Task data:
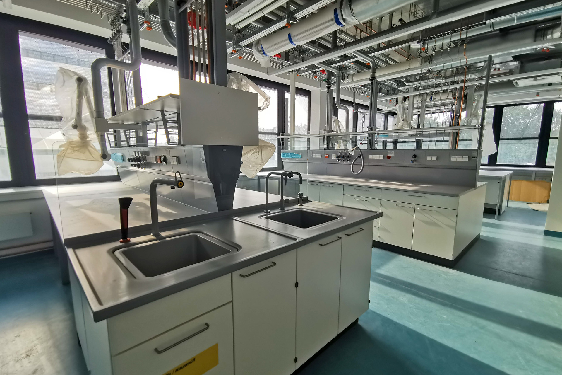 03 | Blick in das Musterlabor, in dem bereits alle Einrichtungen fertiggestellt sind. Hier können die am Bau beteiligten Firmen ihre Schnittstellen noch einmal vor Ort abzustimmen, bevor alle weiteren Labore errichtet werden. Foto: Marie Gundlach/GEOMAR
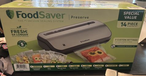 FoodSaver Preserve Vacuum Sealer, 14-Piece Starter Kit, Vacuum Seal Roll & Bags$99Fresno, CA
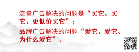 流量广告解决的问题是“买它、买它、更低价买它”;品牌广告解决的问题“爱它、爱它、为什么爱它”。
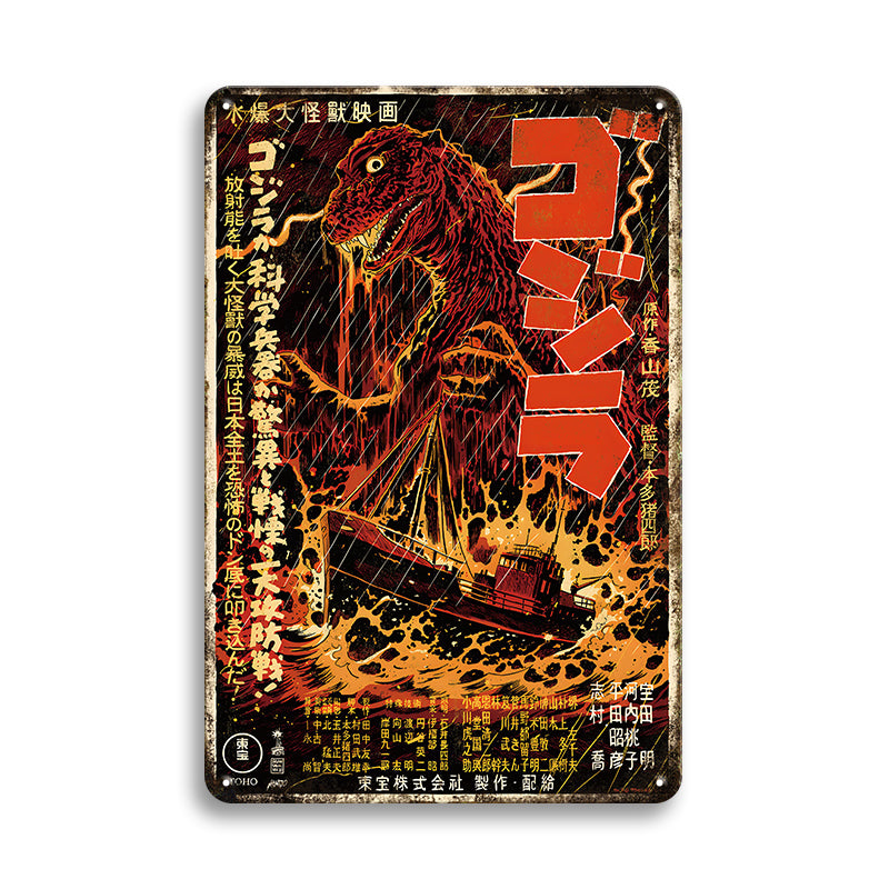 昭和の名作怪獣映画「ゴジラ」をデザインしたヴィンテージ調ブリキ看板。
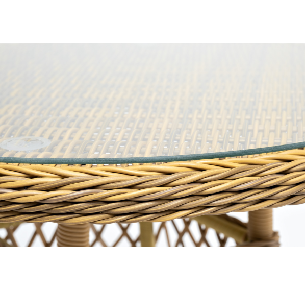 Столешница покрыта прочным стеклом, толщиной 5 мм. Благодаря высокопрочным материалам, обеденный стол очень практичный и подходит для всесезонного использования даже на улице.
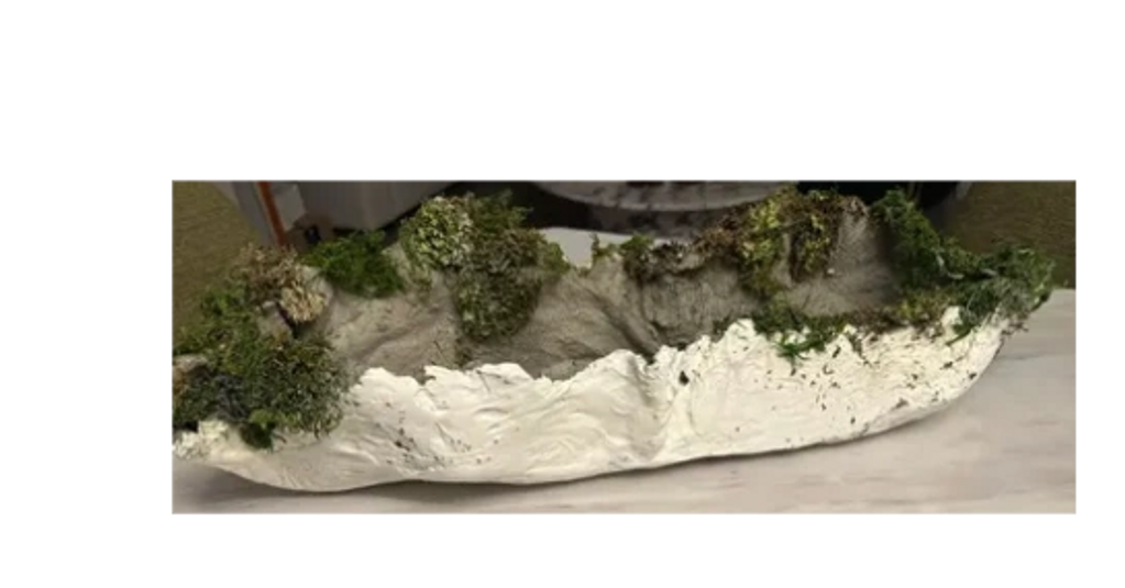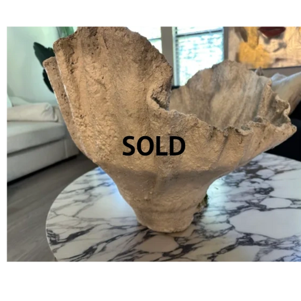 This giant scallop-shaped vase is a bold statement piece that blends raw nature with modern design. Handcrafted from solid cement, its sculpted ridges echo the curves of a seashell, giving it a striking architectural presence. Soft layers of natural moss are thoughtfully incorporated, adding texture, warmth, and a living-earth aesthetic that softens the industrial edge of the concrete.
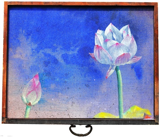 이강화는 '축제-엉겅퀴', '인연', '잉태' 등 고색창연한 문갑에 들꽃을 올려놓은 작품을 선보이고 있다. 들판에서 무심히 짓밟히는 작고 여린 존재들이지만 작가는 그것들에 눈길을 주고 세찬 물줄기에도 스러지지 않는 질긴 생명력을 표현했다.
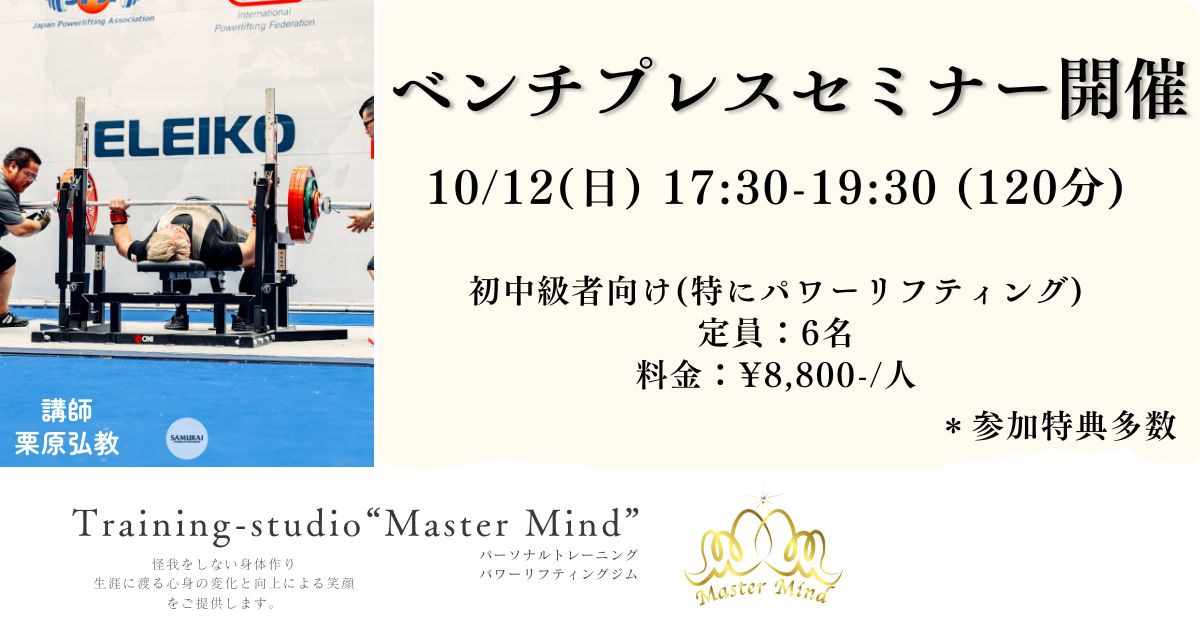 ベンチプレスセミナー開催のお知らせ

Work to complete: Only the lines from the first line of the entries through the line containing "Столешница покрыта прочным" should be output, exactly as they are, without pictures.

Solution:
 03 | Blick in das Musterlabor, in dem bereits alle Einrichtungen fertiggestellt sind. Hier können die am Bau beteiligten Firmen ihre Schnittstellen noch einmal vor Ort abzustimmen, bevor alle weiteren Labore errichtet werden. Foto: Marie Gundlach/GEOMAR
 FoodSaver Preserve Vacuum Sealer, 14-Piece Starter Kit, Vacuum Seal Roll & Bags$99Fresno, CA
 流量广告解决的问题是“买它、买它、更低价买它”;品牌广告解决的问题“爱它、爱它、为什么爱它”。
 昭和の名作怪獣映画「ゴジラ」をデザインしたヴィンテージ調ブリキ看板。
 Столешница покрыта прочным стеклом, толщиной 5 мм. Благодаря высокопрочным материалам, обеденный стол очень практичный и подходит для всесезонного использования даже на улице.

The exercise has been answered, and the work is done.